§ **WHAT THE TASK REQUIRES**
Copy only what lies from the line containing "Svrha uplate: Testiranje" through the line containing "フライパンに流し込んだ材料の" in the entries below, keeping both end lines exact and dropping every picture.

§ **DATASET**

################

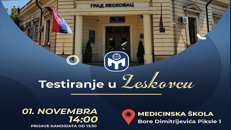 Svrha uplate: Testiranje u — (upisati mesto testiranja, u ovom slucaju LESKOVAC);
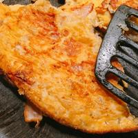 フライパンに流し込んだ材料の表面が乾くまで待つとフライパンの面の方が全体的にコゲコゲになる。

################

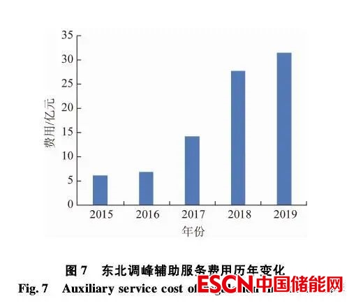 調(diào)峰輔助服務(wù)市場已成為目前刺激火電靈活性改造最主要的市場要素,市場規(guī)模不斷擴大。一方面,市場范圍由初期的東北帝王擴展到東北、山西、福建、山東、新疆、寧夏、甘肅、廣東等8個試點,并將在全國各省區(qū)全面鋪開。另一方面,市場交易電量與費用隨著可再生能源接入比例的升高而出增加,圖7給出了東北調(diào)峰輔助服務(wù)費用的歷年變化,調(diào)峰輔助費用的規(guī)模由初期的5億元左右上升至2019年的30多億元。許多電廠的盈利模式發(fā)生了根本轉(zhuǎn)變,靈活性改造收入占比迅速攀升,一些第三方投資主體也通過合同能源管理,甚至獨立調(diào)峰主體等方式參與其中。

################

§ **ANSWER**
 Svrha uplate: Testiranje u — (upisati mesto testiranja, u ovom slucaju LESKOVAC);
 フライパンに流し込んだ材料の表面が乾くまで待つとフライパンの面の方が全体的にコゲコゲになる。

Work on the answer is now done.